■ Provided data ■
+===+

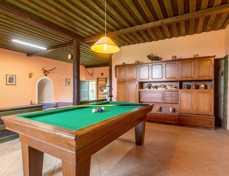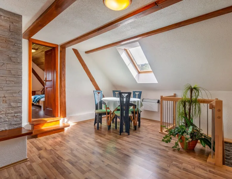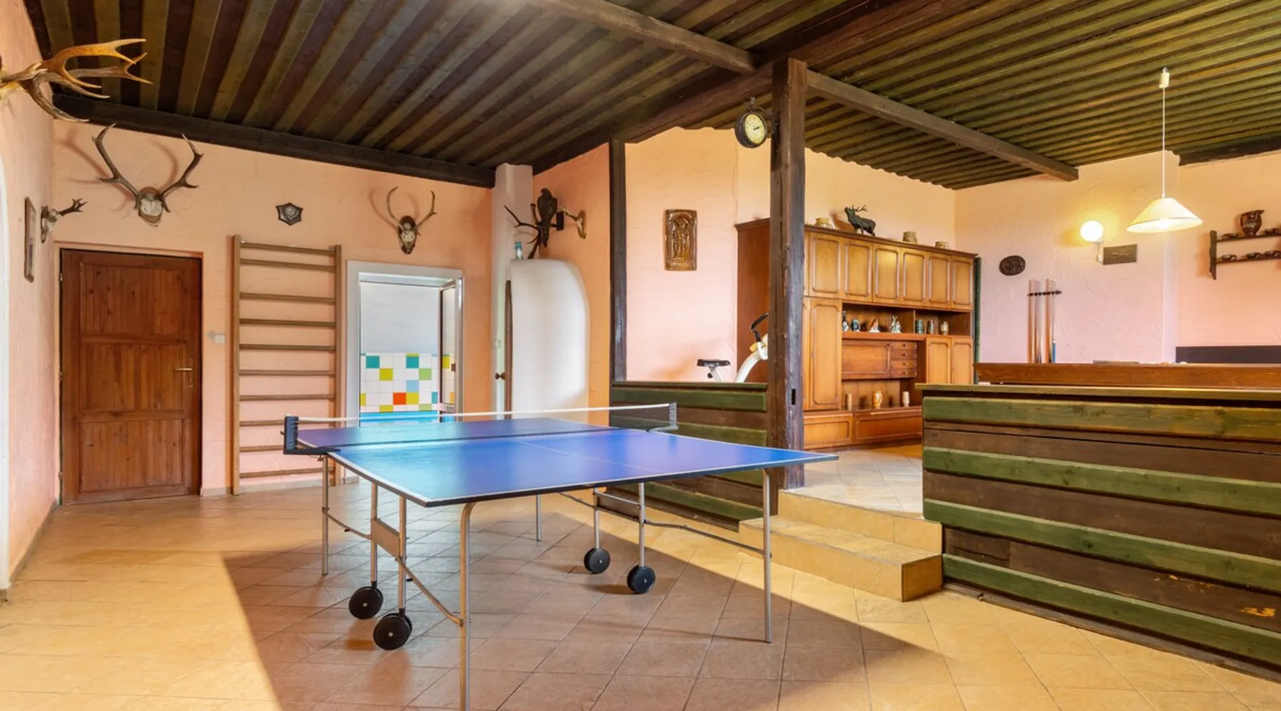 All discounts are already included, please go ahead and book the property if your travel dates are available. Below please see all the listing details 6-room house 140 m2 on 2 levels. Rustic and cosy furnishings: living room with satellite TV (flat screen), radio and DVD. Billiard room with open-hearth fireplace and dining table. 1 room with 1 double bed. 1 room with 1 double bed. The space Kitchen (oven, dishwasher, 4 ceramic glass hob hotplates, toaster, kettle, microwave, electric coffee machine) with dining nook. Shower, shower/bidet/WC, double hand-basin, Sauna. Electric heating. Upper floor: 1 room with sloping ceilings with 1 double bed. 1 room with sloping ceilings with 1 double bed. Shower/WC. Electric heating. Patio. Terrace furniture, barbecue. Panoramic view. Facilities: washing machine, sauna, children's high chair, baby cot. Internet (WiFi, free). Please note: non-smokers only. Maximum 3 pets/ dogs allowed. - Included services: Final cleaning (Basic cleaning is always carried out by the guest) Laundry (initial supply of bed linen and towels) outdoor parking space Wireless internet access (WIFI) Additional service charges may have to be paid locally on-site, see house rules and house manual for details. Please don't hesitate to contact us should you have any questions. Thank you. Very beautiful country house "Haus Polivka", 400 m a.s.l., surrounded by meadows and fields. In the resort Hůrka u Němčic, 12 km from the centre of Klatovy, 50 km from the centre of Bayerisch Eisenstein, in a quiet, sunny position, 15 km from the skiing area. Private: property 3'200 m2 (fenced), lawn and trees, meadow, swimming pool, indoor pool heated (6 x 3 m, depth 150 cm, seasonal availability: 01.Jan. - 31.Dec.). Tennis, table tennis, basketball, volleyball, badminton, volleyball court, terrace, garden furniture, barbecue, children's playground (swing). In the house: sauna, billiard table, playroom. Parking (for 6 cars) at the house. Shop 3 km, supermarket 12 km, restaurant 12 km, bus stop "Němčice" 1 km, railway station "Klatovy" 12 km, outdoor swimming pool 12 km, indoor swimming pool 12 km. Ski lift 15 km, chair lift 40 km, slopes 40 km, ski rental 40 km, ski school 40 km, children's ski school 40 km. Other things to note 1. Availability All open periods are instantly bookable. Please choose your dates and confirm your reservation without waiting for host approval. 2. Pricing We always offer you our best price and are unable to offer additional discounts. Please select your preferred travel dates to view the final price. Optional services described in the house rules can be booked after successful reservation by contacting us directly. 3. Check-in information You will receive the travel information with the exact address of the listing, the location for key collection and the contact details of your keyholder 28 days before arrival only if the pre check-in has been completed. In order to ensure a smooth handover of keys, we kindly ask you to contact the key holder by email 7 days before arrival, especially if your arrival takes place outside the stated check-in times. Please note, without an appointment, arrivals outside the stated check-in times will not be possible. 4. House Rules We share all property details in the full description. Please read both the description and the house rules. If available you will find optional amenities described in the house rules, which can be requested by contacting us directly.
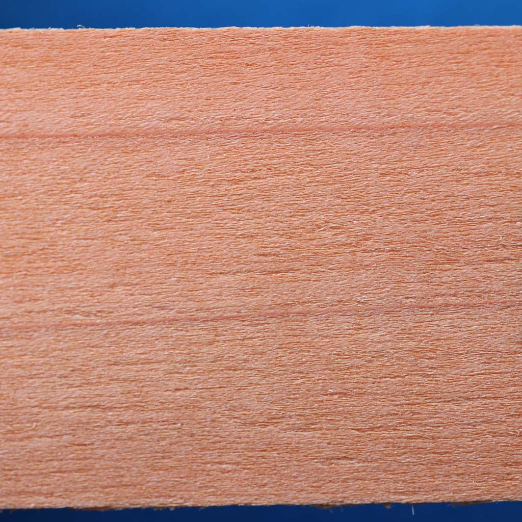 Orange veneer, .020" (.5mm) x 34.5" (876mm), available at .060", .080", .100", .187" or .250" widths. Sold in bundles of 10 strips
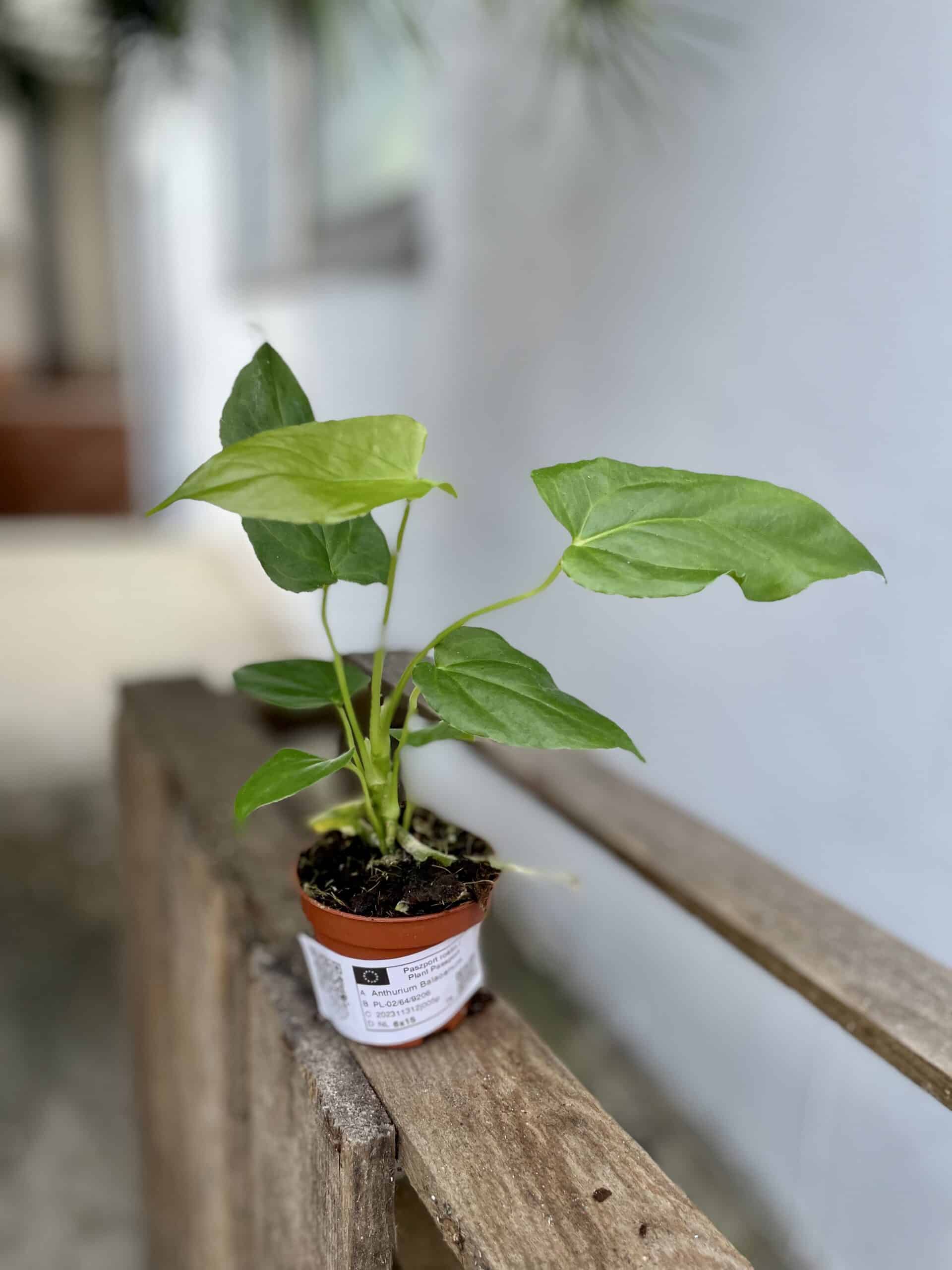 Widoczna na zdjęciu roślina: Anthurium Balaoanum ma wysokość około 15 cm. Jej doniczka ma 6 cm średnicy oraz 5 cm wysokości.

+===+

■ What is being asked ■
Leaving the pictures aside, write out only the lines from the one containing "of 10 strips" through the end of the material, exactly as they stand.

■ Exercise answer ■
 Orange veneer, .020" (.5mm) x 34.5" (876mm), available at .060", .080", .100", .187" or .250" widths. Sold in bundles of 10 strips
 Widoczna na zdjęciu roślina: Anthurium Balaoanum ma wysokość około 15 cm. Jej doniczka ma 6 cm średnicy oraz 5 cm wysokości.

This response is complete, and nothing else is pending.